This will probably be the most funky 2C-B precursor yet, but it's preparation is remarkably easy (that is if you have Ac2O and red P handy). Maybe it could serve to make an interesting (legal) pro-drug.
The preparation of 5-MeO-salicylaldehyde by the Reimer-Tiemann rxn of p-MeO-phenol has been covered before. The method submitted by Karel gives 75% yield.
From Biochem.Prep. vol. III, p 79-83 (1953) :
Condensation of 5-methoxysalicylaldehyde with hippuric acid.
The product of this condensation, described below, is a mixture of 2-phenyl-4(2'-acetoxy-5'-methoxybenzal)-5-oxazolone (II) and 2-keto-3-benzamido-6-methoxycoumarin (III).
In a 1L roundbottomed flask fitted with a ground-glass condensor, protected from moisture with a CaCl2 tube, there are placed 31 gr. (0.204 mol) of distilled 5-methoxysalicylaldehyde, 40 gr. (0.22 mol) of hippuric acid, 16.5 gr. (0.2 mol) of finely powdered sodium acetate, and 85 ml. of acetic anhydride. The mixture is heated on the steam bath for 45 minutes. All reactants dissolve during the first ten minutes of heating to give a clear, deep-yellow solution. The reaction mixture is allowed to stand overnight at room temperature. The yellow solid which has separated is broken up with a glass rod, and 300 ml of water is slowly added. The slow hydrolysis of the acetic anhydride is allowed to proceed at room temperature for at least 6 hours, and preferably overnight, with occasional trituration of the solid with a glass rod flattened at the end. The product is filtered on a 9 cm. Büchner funnel and washed on the funnel with 100 ml. of water. The still moist, sticky product is transferred to a beaker and thoroughly triturated with 75 ml. of ice-cold ethanol. It is filtered and washed on the filter with two 50 ml. portions of ether. After being dried in air, the light-yellow crystalline powder weighs 31.6-34.5 gr.

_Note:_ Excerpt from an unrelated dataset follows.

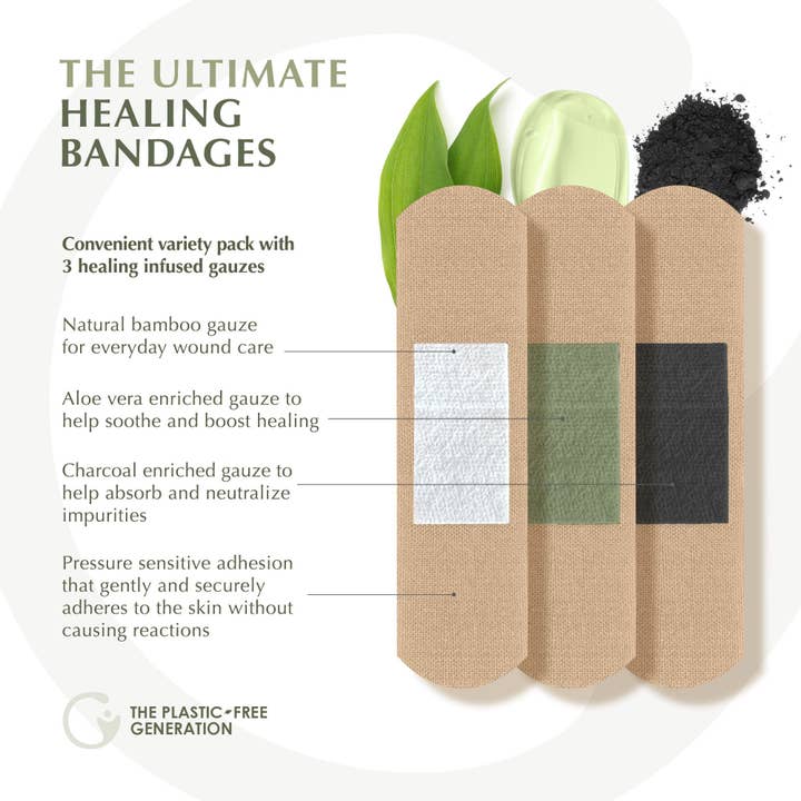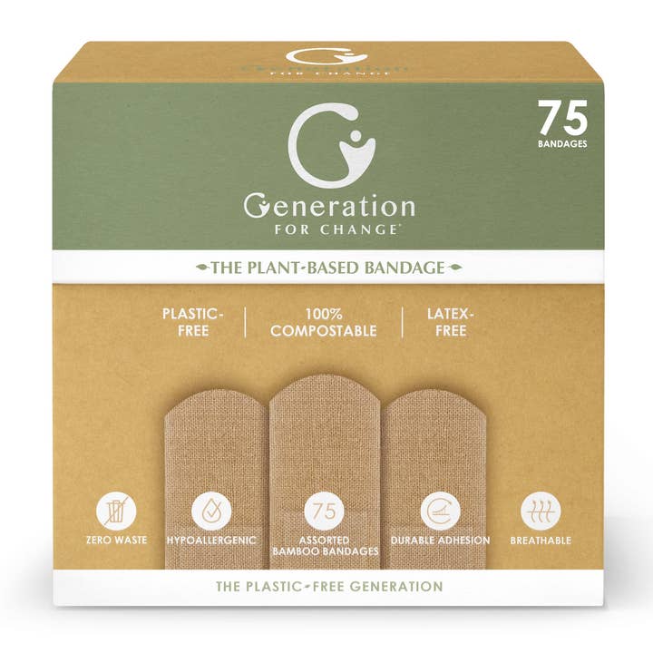 The Plant-Based Bandage by Generation For Change | 75 Organic Bamboo Bandages | Variety Pack – Aloe, Charcoal & Natural Bamboo | Compostable

Nitrogen analysis (found: N, 4.34-4.51%) indicates that the product is a mixture of about equal parts of the azlactone (II, C19H15O5N requires: N, 4.15%) and the coumarin compound (III, C17H13O4N requires: N,4.75%). It is suitable as isolated for the preparation of the amino acid.

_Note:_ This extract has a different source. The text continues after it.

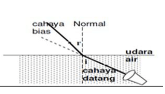 Gambar di atas memperlihatkan seseorang yang melihat ikan dalam akuarium. Bayangan orang yang dilihat oleh ikan itu kira-kira berada di titik ....

beta-2,5-dihydroxyphenyl-DL-alanine
In a 1L two-necked roundbottomed flask, fitted with a condenser and mercury seal stirrer, there are placed 40 gr. of the azlactone-coumarin mixture, 15 gr. of red phosphorous, 160 ml. of glacial acetic acid, and 125 ml. of hydriodic acid (sp. gr. 1.7). The reaction mixture is refluxed with stirring for 2 hours. The red phosphorous is filtered from the hot solution and washed with two 25 ml. portions of hot glacial acetic acid. The filtrate and washings are concentrated to dryness under reduced pressure (water pump) at 50-55°C in an atmosphere of nitrogen. Water (100 ml) is added to the residue, and the concentration to dryness is repeated. The dry residue is dissolved as completely as possible in 200 ml. of water and 200 ml. of ether. A small amount of material insoluble in either phase is removed by filtration. The aqueous phase is separated and extracted 3x with 100 ml. portions of ether to complete the removal of benzoic acid. The aqueous solution of the hydriodide of the amino acid is concentrated almost to dryness as above. The hydriodide is dissolved in approx. 200 ml. of hot water, and the hot solution is adjusted to pH 4-5 by the cautious addition of conc. NH4OH (about 40-50 ml are usually required). On cooling and standing in the cold for 2 or 3 days, 17.3-18.3 gr. of crude beta-2,5-dihydroxyphenyl-DL-alanine separate and are collected and washed with about 50 ml. of cold water
The amino acid is dissolved in boiling water containing a trace of NaHSO3, boiled briefly wih 1-2 gr. of activated carbon, and filtered. From the water-clear filtrate thereseparate on cooling 13.3-14.2 gr. of the pure amino acid hydrate. An additional 2-3 gr. is obtained when the filtrate from the first crop is concentrated to small volume in vacuum and allowed to stand in the cold.
The product gives correct analyses for nitrogen by the Kjeldahl procedure. The m.p. (245-250°C) is too variable to serve as a criterion for purity. The triacetyl derivative has an m.p. of 157-158°C
It gives the xanthoproteic and ninhydrin reactions, reduces AgNO3 slosly at pH 4-5 and instantaneously at alkaline reaction, and reduces phosphomolybdic acid in acid solution. In alkaline solution, the amino acid is unstable, the solution rapidly becoming black.